Тепло поприветствовав дядюшку, Гён Хи — Гена скрылся в ванной комнате, чем-то там гремел некоторое время, а потом вышел наружу и кивнул мне:
— Ну что, вам нужно собираться? Или вы готовы? Вещи можете положить в багажник машины — поедем смотреть парад на Новой площади!
Парады я не очень любил, но осознание того, что мне не нужно было там работать, а можно было просто стоять и смотреть уже стимулировало выброс серотонина в кровь. Хотя — Гена как раз, судя по всему, собирался там работать. Бдить!
Машина была легендарная — белая «Волга». Ну да — белые для Средней Азии, черные — для Кавказа… Конечно, мы не смогли доехать прямо до Новой площади, остановились на какой-то стоянке и пошли пешком. Никто нас не останавливал, Гена только кивнул постовым пару раз. Я вовсю вертел головой, разглядывая необычный архитектурный ансамбль площади всё в том же сказочно-восточно-советском стиле, пока мы, наконец, не заняли места на трибунах, среди нарядно одетой публики. И понеслось:
— Товарищ генерал полковник! Войска Алматинского гарнизона! Для парада! В ознаменование шестидесятилетия Казахской советской социалистической республики и Коммунистической партии Казахстана! Построены! Командующий парадом — генерал-лейтенант Нурмагамбетов!
— Здравствуйте товарищи!
— Здра! Жла! Тащ! Генерал! Полковкник!
— Поздравляю вас с шестидесятилетием Казахской советской социалистической республики и Коммунистической партии Казахстана!
— Ура, ура, ура-а-а-а!!!
Палящее солнце, рокот барабанов, медные голоса труб, гром солдатских сапог по брусчатке, проезжающая мимо военная техника, сверкающая свежей краской. Трибуна, на которой я разглядел Брежнева и Косыгина, и еще человек двадцать — тех самых, вершителей судеб миллионов.
Честно говоря, после Афганистана на парад смотреть было тошно. Когда всё закончилось, Гена сказал:
— Теперь поехали, будем ждать Сазонкина.
И мы поехали. Я так понял, что этот советский кореец сейчас играл роль кого-то вроде закрепленного за белорусской делегацией дежурного водителя. Понятно — был он из непростых. Но при этом — явная креатура кого-то из их местных машеровских союзников. Я в казахстанской политике был совсем не силён — знал только, что примерно в это время Нурсултана Назарбаева вроде выбрали депутатом верховного совета СССР, и какие-то высокие посты в Компартии Казахстана он уже занимал. Больше ничего про местную верхушку я не ведал, а потому и гадать было бессмысленно.

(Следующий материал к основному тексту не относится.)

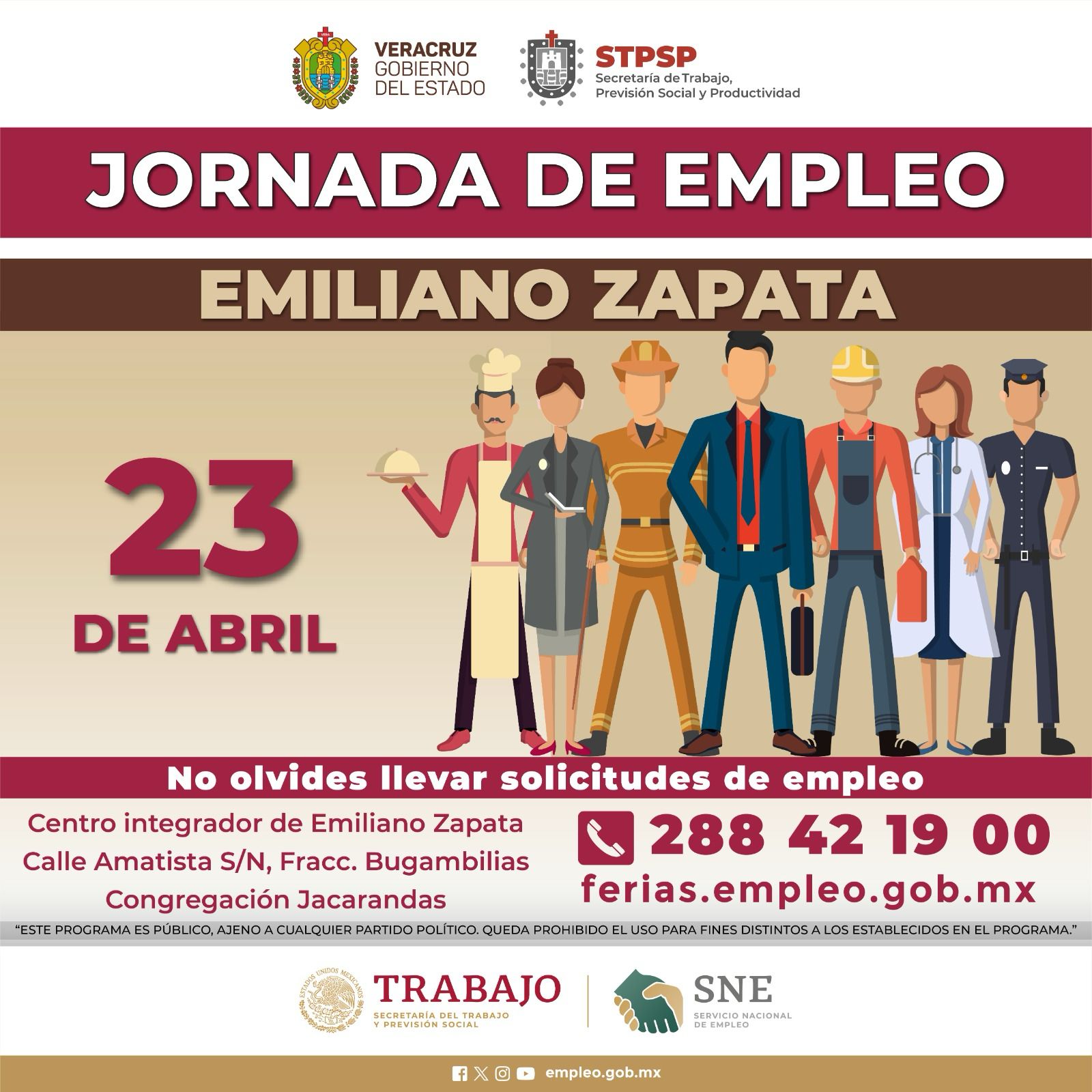 Emiliano Zapata, Ver.- En coordinación con el Ayuntamiento de Emiliano Zapata, la Secretaría de Trabajo, Previsión Social y Productividad (STPSP) de Veracruz llevará a cabo la primera Jornada de Empleo en el municipio este 23 de abril para que las personas interesadas en una vacante laboral puedan conocer las opciones que ofrece el Servicio Nacional de Empleo (SNE).

— И долго ждать? — спросил я, когда мы остановились у очередного советско-восточного роскошного здания, навертев кругов по Алма-Ате.
— А ты как думаешь? — в глазах Гён Хи сквозила вселенская печаль.
— Пойду тогда за газетами схожу, что ли? И перекусить что-то возьму.
— Не заблудишься?
— Не заблужусь.
Заседать закончили только к вечеру. Мы выпили по литру «Ситро», сожрали, наверное, дюжину котлет в тесте на двоих, решили все кроссворды и прочитали от корки до корки все газеты, которые я принес из ларька «Союзпечати». Конечно — «Комсомольскую правду» — тоже. Гена сначала поверить не мог, что материалы про бойцов Московского погранотряда писал я, а потом, наконец, уверовал и проникся. В отличие от своего дядюшки (реального или мнимого) — он «Комсомолку», видимо, не выписывал.
— Сам писал? Ну, в смысле: поговорил с ними, походил там, посмотрел — и вот это вот написал? И в газете напечатали? — его удивление было очень сильным, как будто оказалось, что я как минимум волшебник в голубом вертолете. — То есть сам? Никто не помогал? Ну, даешь!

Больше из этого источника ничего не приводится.